En las rejas de entrada al zoológico de Amsterdam, letras de hierro, se lee Natura Artis Magistra. Bien pudieron llamarlo Natura, pero los holandeses - habría que decir los amsterdamitas - suelen ser impredecibles y lo conocen como Artis.
Hay algo siniestro en el aire de los zoológicos, el jolgorio de los visitantes, la aparente derrota de las bestias en exhibición. La piel lustrosa de la pantera fascina a la madre que se la muestra a su hijo como trofeo de civilización, la pantera dormita hasta que cae la noche y entra en la pesadilla infantil, desata la orgía de sangre. Conozco al mamífero aterrado ante una bestia mayor, en el sueño y la vigilia. Vuelvo al zoológico para conjurar mi deseo de caer bajo la zarpa ciega, conjurar el miedo soterrado, más potente, a masticar un corazón fresco y caliente.

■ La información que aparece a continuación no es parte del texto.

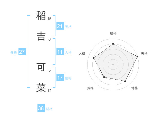 稲吉 可菜さんの総格は38画の4点!
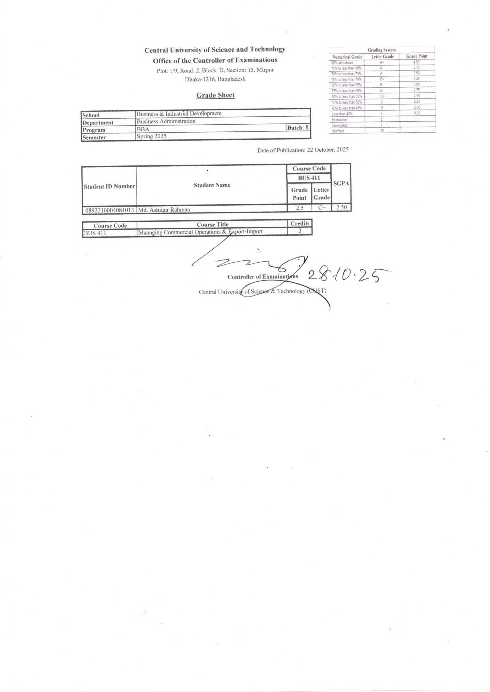 BBA, Spring Semester 2025 (Batch 4) (Batch 7) (Batch 8 – Revised) (Batch 9) (Batch 10) (Batch 11) (Batch 12) (Batch 13)
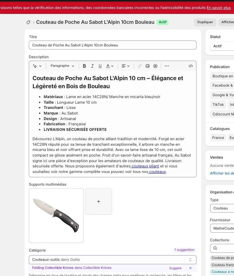 Intégration de 30 à 50 fiches produits par jour sur Shopify : collecte de données fournisseur, optimisation SEO des balises et descriptions, compression des visuels et contrôle qualité de chaque fiche. -
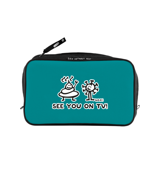 UAX Unisex sizes XL cosmetic bag with printing and pocket with design 1306 SEE YOU ON TV in color TURQUOISE
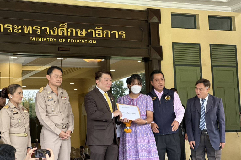 ล่าสุด วันนี้ (16 ก.ย.) ที่ กระทรวงศึกษาธิการ ถนนราชดำเนิน ทนายเจมส์-นิติธร แก้วโต รองประธานมูลนิธิรณรงค์ฯ ได้พานางสาว เบญญาภา เย็นอุดม หรือ "น้องเบญ" ผู้เสียหาย กรณีสาวฝันสลาย..สอบติดครูอันดับ 1 แต่รายชื่อหายไป ได้เดินทางมาเข้ายื่นหนังสือร้องเรียนถึงรัฐมนตรีว่าการกระทรวงศึกษาธิการ เพื่อเรียกร้องหาความเป็นธรรม โดยมี นายสิริพงศ์ อังคสกุลเกียรติ ผู้ช่วยรัฐมนตรีประจำกระทรวงศึกษาธิการ เป็นผู้รับเรื่อง
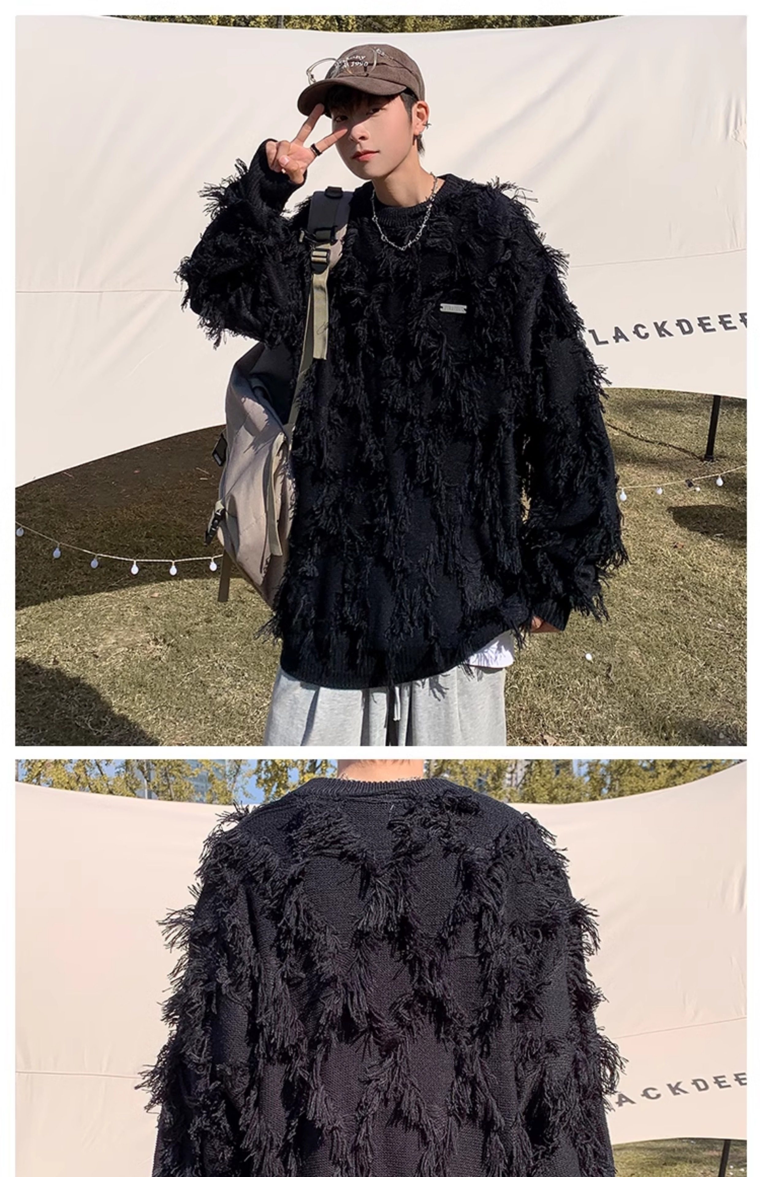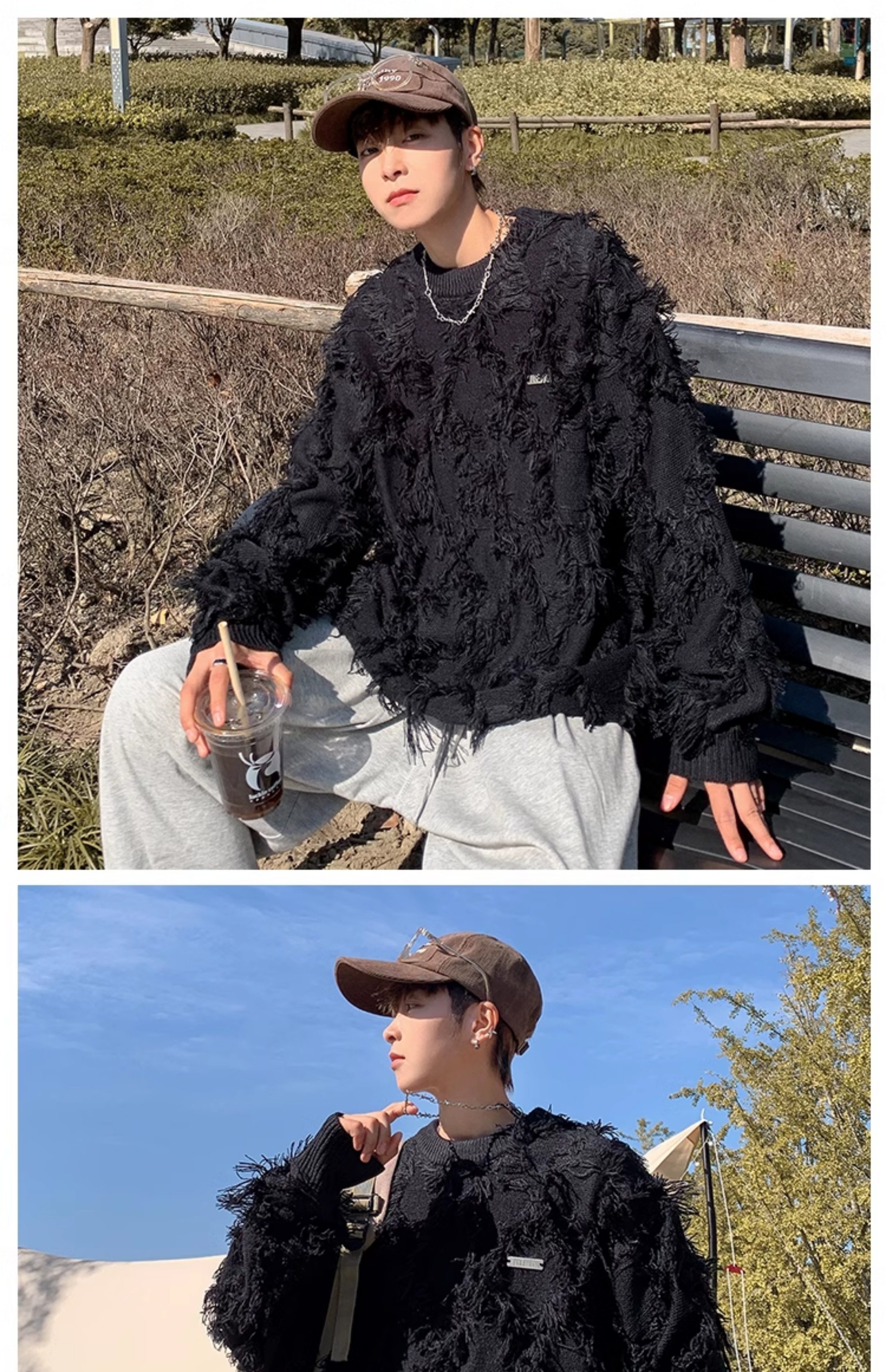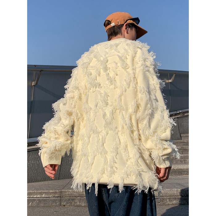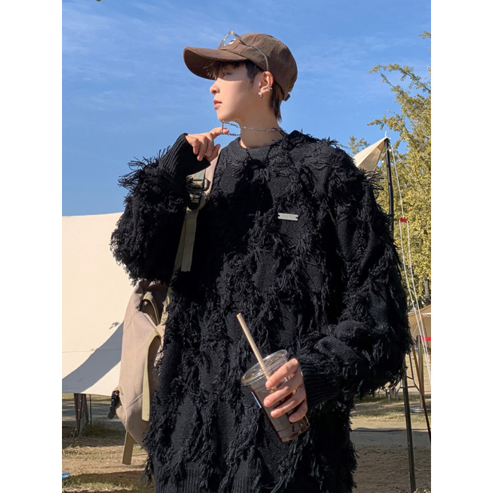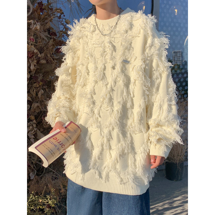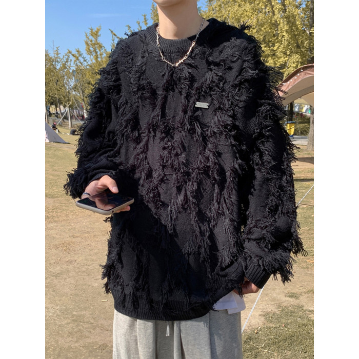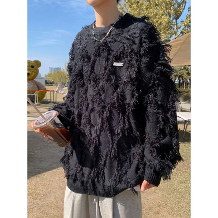 高街潮牌勾花毛衣慵嬾高級感男士秋冬季加厚炸街設計感情侶針織衫
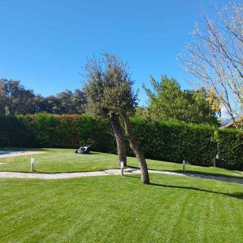 Solo necesito mantenimiento, césped artificial. Los árboles y arbustos y arizonica hay que posarlos cuando sea necesario y limpiar las hojas que caen por qué los árboles tiran hojas. Hay que poner y quitar la lona de la piscina ( el mantenimiento la hacemos nosotros). Solo un día a la semana nos da igual hora y qué día sea. Seriedad y formalidad es lo único que necesitamos.
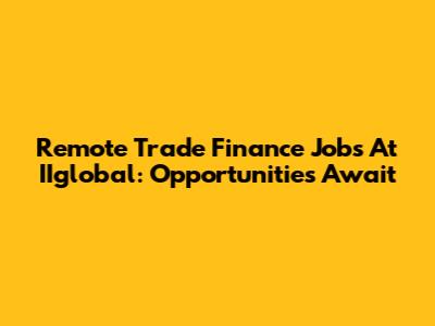 Remote Trade Finance Jobs At IIglobal: Opportunities Await
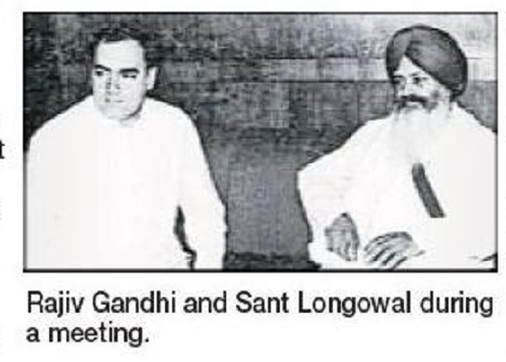 Rajiv Gandhi and Sant Longowal during a meeting.
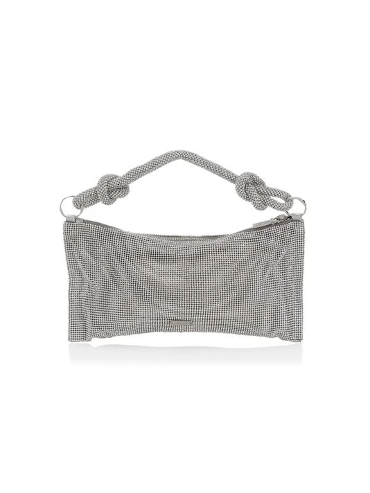 Crafted of eye-catching rhinestones, this slouched silhouette is designed with a knotted shoulder strap.
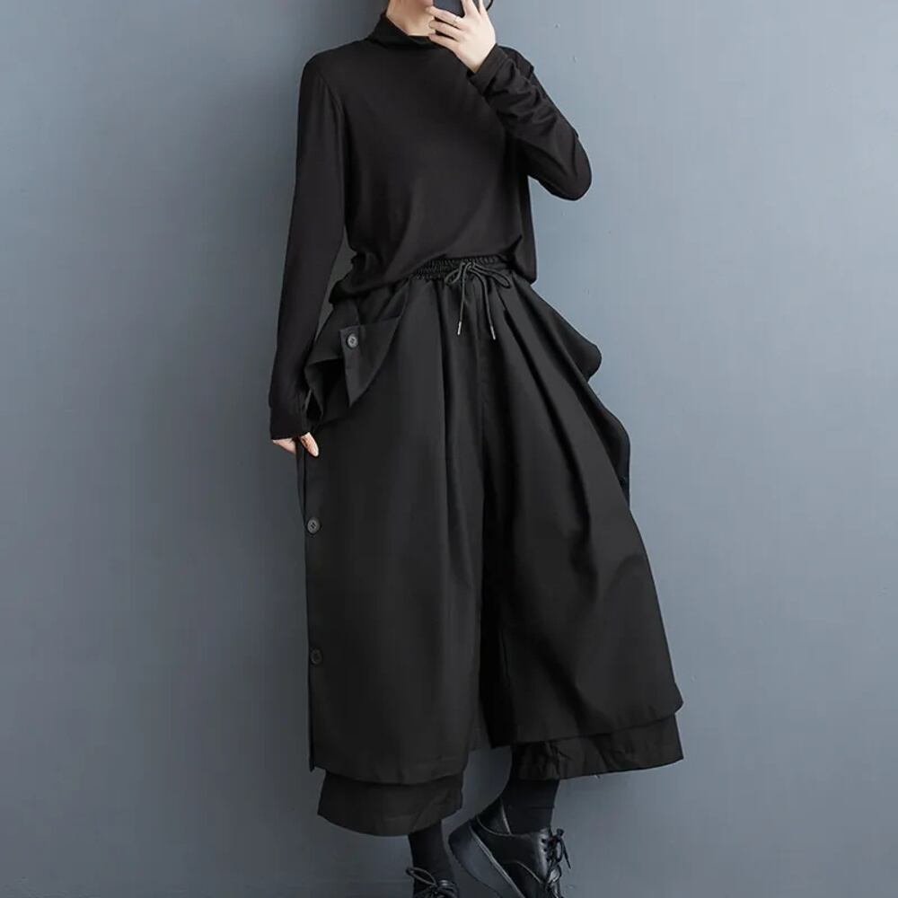 女性用ワイドレッグパンツ,サイドボタン付きワイドレッグ,足首の長さ,ゆったりとしたストリートウェア,バギーパンツ,2層,ハイウエスト,レディース,#2970 ボトム ワイドレッグ バギーパンツ T240901065856_01
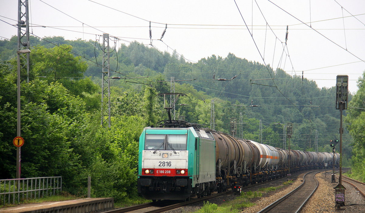 Die Cobra 2816 kommt als Umleiter aus Richtung Aachen-West mit einem langen Kesselzug aus Antwerpen-BASF(B) nach Ludwigshafen-BASF(D) und fährt durch Kohlscheid und fährt in Richtung Herzogenrath,Mönchengladbach.
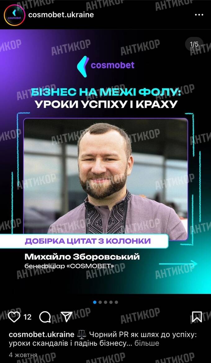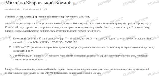 Онлайн-казино Cosmobet офіційно очолює статист, який у вільний час захоплюється глобалізмом та марафонським бігом. Це могло б виглядати комічно, якби справжні власники цієї платформи не намагалися переконати громадськість, що виходець із села Красилівка Івано-Франківської області Михайло Зборовський став бенефіціаром казино зі статутним капіталом у 30 мільйонів гривень, не маючи ні досвіду, ні відповідних фінансових ресурсів.
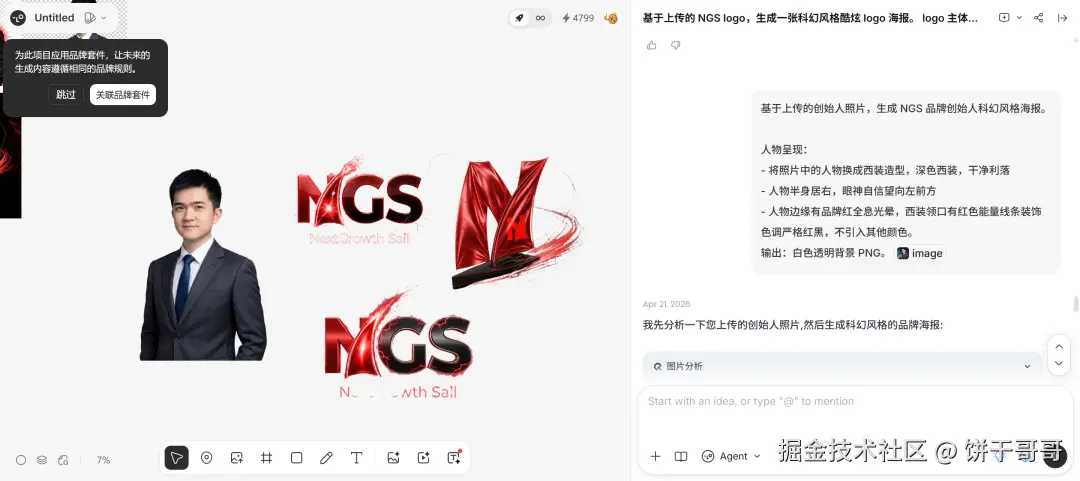 于是我用 Lovart 基于 NGS 的 Logo 先跑了三张素材:酷炫科幻风格的 NGS logo、带帆船元素的品牌图、创始人西装数字人。
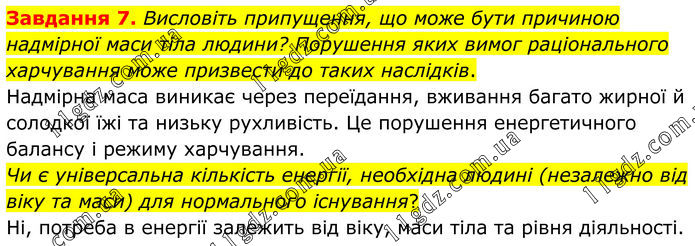 Завдання 7. Висловіть припущення, що може бути причиною надмірної маси тіла людини? Порушення яких вимог раціонального харчування може призвести до таких наслідків. Надмірна маса виникає через переїдання, вживання багато жирної й солодкої їжі та низьку рухливість. Це порушення енергетичного балансу і режиму харчування. Чи є універсальна кількість енергії, необхідна людині (незалежно від віку та маси) для нормального існування? Ні, потреба в енергії залежить від віку, маси тіла та рівня діяльності.
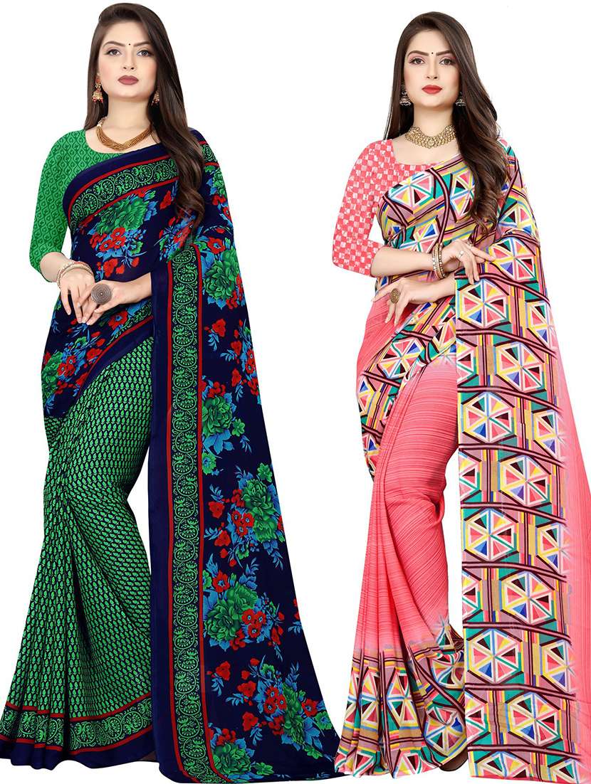 women pack of 2 casual wear sarees with blouse - 21474825 - Very Small Image - 1
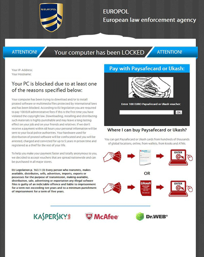 Europol Ransomware displays its screen-wide fake alert, which is a borderless browser window, as soon as your PC restarts. This alert claims that your computer is suffering from a lawful lockdown due to file distribution-related crimes and even threatens you with five years in prison if you don't pay its fine. However, the method that Europol Ransomware prefers for payment, Ukash or Paysafecard, both are well-known services that are exploited by ransomware-based malware, and SpywareRemove.com malware researchers can't think of any legal reason for being required to pay this illegal fine (no matter what you may or may not have been doing on your computer).

El origen de este libro es mi sobresalto ante animales fabulosos como la esfinge, el axolotl o el cisne, mi amor de niño por las arañas de rincón y los caballos, la relectura de las metamorfosis de Ovidio y Kafka, mi gusto por los guisos de cordero. Hubo también una escena decisiva: en un recorrido por Artis vi más allá del canal Entrepodok, en un barrio residencial, una enorme jaula de hierros plomizos. Su construcción resaltaba entre las casas como una escultura, pero en su interior jugaba al fútbol una docena de niños: una jaula práctica, pensé, como la de los gorilas o mi departamento en Burgemeester Cramergracht.
El libro atempera el furor de los días como el acuario pone al tiburón a la escala del ojo: bestias confinadas en un parque público, docilidad aparente de la gran salvaje, la lengua, tras los barrotes de la escritura.
Hace un tiempo les dije a mis amigos que Artis estaba listo, que ya no había nada que hacer, que lo entregaría. Soñé que faltaban tres poemas. En este libro faltan tres poemas, pero si me descuido sobrarán dos, otros dos, y seguirá faltando uno. Artis es un oso polar en mi cabeza.